Yup emulation is never 100%. Look at at the NES and SNES Classic. They are very good emulation but it's still not perfect. No thing better than than running on original hardware.Original hardware is always better, as its 100% perfect at running the software.
When you get into emulation it can introduce issues, anything from textures not rendering properly to bugs that cause crashes, or even imperfect emulation of the maps causing certain points of the game to become unplayable and breaking the game. Sure some games work great with emulation, but some do not. Some work great with certain emulators, but are unplayable on others, requiring alot of tweaking of settings.
If you care about all games working flawlessly with zero effort on your part go with original hardware.
If you want to try to improve graphics or just can not get the original hardware then emulation is the best option, just be prepared to do alot of tweaking and trying different emulators to get everything to work properly.

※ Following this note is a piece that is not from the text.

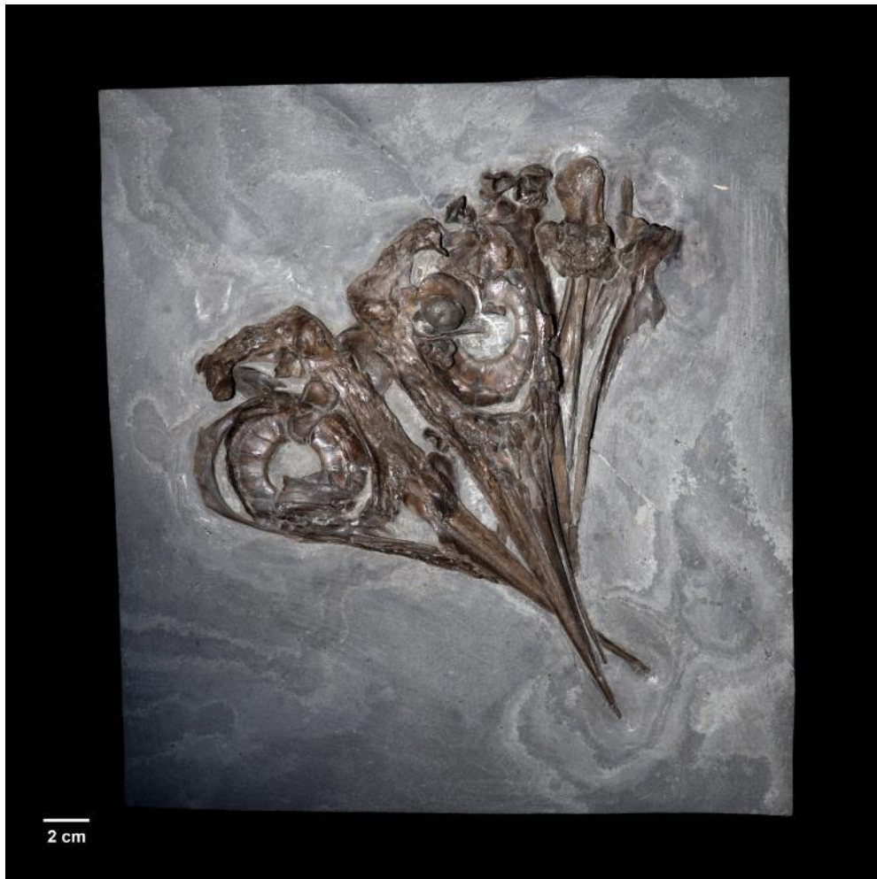
Schädel eines juvenilen Ichthyosauriers in Dorsalansicht, geborgen und präpariert Juli/August 2019

Most 8/16 bit has reached the point that emulation is near perfect, but N64 and beyond is where you will start having to put time into settings and trail and error with emulators to get games to run well.
Except when your Thompson drive decides to unmount the disc while running which either shatters the disc or scratches the hell out of it - then you're left with a game that you cannot play. There's also issues of older systems getting hair/dust built up inside them or a slight smudge on the laser which causes the console to randomly lock up on a perfectly fine disc. Not to mention the multitude of games out there with shoddy save/checkpoint systems that are prone to gamebreaking bugs/glitches that leave you with a save that you can't do anything with except delete and start over. Whereas with an emulator, you can use your own save points on top of finding an updated version of the game in case you were unlucky with the SKU that you purchased from the store.Original hardware is always better, as its 100% perfect at running the software.
There's some old arcade games I keep trying to find that I used to play out of arcade cabinets at our local laundromat and arcade, but all the versions I find online are ported SNES copies. I miss those Aliens vs Predator cabinets.
Around 2003, I specifically remember seeing someone play an arcade brawler on MAME that featured Predator.It available on MAME?
There's some old arcade games I keep trying to find that I used to play out of arcade cabinets at our local laundromat and arcade, but all the versions I find online are ported SNES copies. I miss those Aliens vs Predator cabinets.
If I remember right, I played the MAME version of Aliens Vs Predator but it was a ported copy of the SNES AVP. A lot of the arcade ROMs I found a long time ago were just ported versions.
Oh, I'd add that if you want to play N64 games that you just get an old N64. Last I knew, the emulation was not that good. It's the first generation of emulators that also don't emulate. They use a different technique that is not mapping chip instructions.
Soemone at work wanted to learn about emulation and in 2 days had an NES emulator working. Sure, far from perfect but it actually did work to some extent.